The common understanding is stocks lead the economy at economic turning points.  This is not always true.  Coming out of the .com bust, the economy bottomed in 2001, more than a year before S&P 500 finally did.  The explanation is expectations lead the economy, but I find this argument runs counter my observations in expectations around cycle turns.  I offer an alternative: that which causes equities to (typically) bottom is also what causes the economy to recover.

The recovery after the .com bust recession was termed a jobless recovery, and for good reason:  jobs took even longer than the stock market to bottom!

Figure 3: The jobless recovery following the .com bust

Figure 4: The jobless recovery following the .com bust

Using our understanding of job-growth as net-investment driven, we can clearly see why there were no jobs:  there was no investment.  The next observation we can make from Figure 4 is the lack of investment, even years after the recovery, until after the S&P 500 had bottomed.  Finally, in later 2003, the Net Investment is elastic to the upward movement in the S&P 500.

For this argument, we approximate the S&P 500 as the aggregate price-level of existing capital.

The inference is that the jobless recovery of late 2001-2003 was the result of a net investment-less recovery, which was probably the result of existing capital being available more cheaply.

We can see the same pattern emerge, as demonstrated by Figure 4, in the present recovery.

Figure 4: The second jobless recovery

Figure 5: The second jobless recovery

Perhaps most incredibly, Net Investment went negative for the first time in history of the series going back to 1947 during The Great Recession (figure 6).  Our capital stock was depreciating at a greater rate than we were replacing it.

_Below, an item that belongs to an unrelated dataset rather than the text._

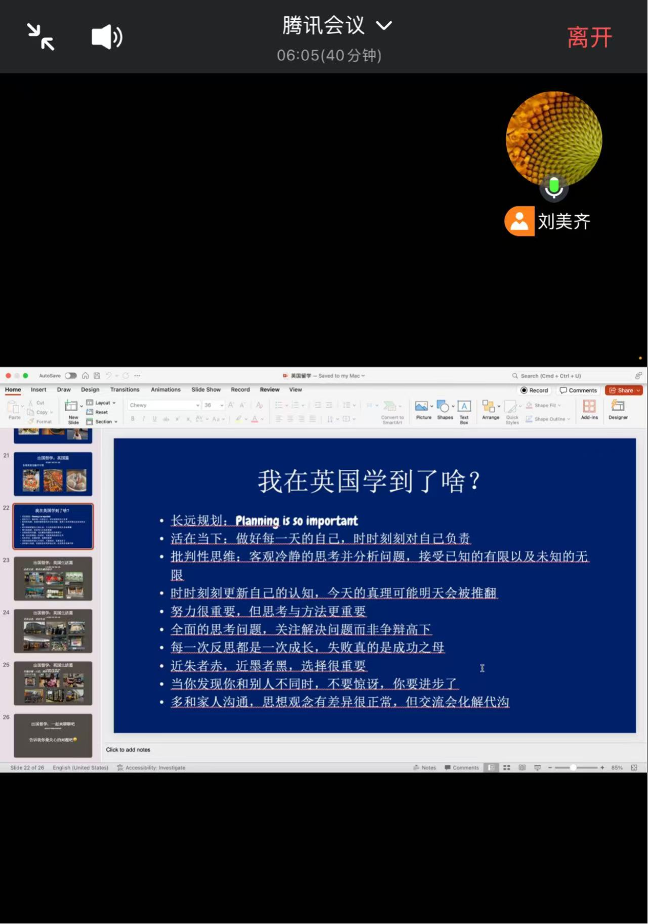 3月19日下午,语言文化学院举办了一场英国留学线上分享会。本次分享会主讲人是我院2024届优秀毕业学子——商务英语本科1班的刘美齐同学,带着他在英国利物浦大学的丰富经历与深刻感悟,与我们共同开启了一场跨越国界的梦想对话,为在场的每一位学子点亮了前行的灯塔。

Figure 5: The long-run relationship between Net Investment and growth in employment

Figure 6: The long-run relationship between Net Investment and growth in employment

The explanation that jobless recoveries result from a scarcity of net-investment because existing capital is too cheap for new capital creation to be competitive enjoys intuitive sense, as well some recent historical evidence.

VI – Contemporary Interpretation

If the price of existing capital has been rising, and Net Investment has been muted, we conclude that the price of creating new capital is not competitive with existing capital.

The great irony is that, the richer the country has become, there is less work to be done, which leaves workers with less income.  This is our great nominal problem.

Figure 7: Labour force and population growth projections through 2050

Figure 7: Labour force and population growth projections through 2050

Figure 7: Labour force and Private Non-Residential Fixed Investment growth

Figure 7: Labour force and Private Non-Residential Fixed Investment growth

The CBO and BLS forecast around 0.7% annual labour force growth this decade, and just 0.5% in the 2020s.  This means the growth of future requirements for fixed capital and accumulated labour that support workers — such as office buildings or automobiles — will be subdued, even more so than the production of goods consumed by all demographic groups.

Combined with productivity efficiencies in the Internet age that provide a declining Real Capital Intensity of Economic Output, we require less capital formation.  This potentially explains why the price of real capital had been below its previous peak for so long, and consequently why net investment (and employment growth by proxy) has been limited.

With the S&P 500 (our approximate aggregate capital market value) closing once again near record highs, it seems likely that new investment will be more attractive.

Perhaps Conor Sen put it best:  Wringing the risk premia out of existing capital is a necessary precondition for new capital formation (and hiring!).

I hope and believe we are there, and maybe we've learnt something new about the nature of jobless recoveries.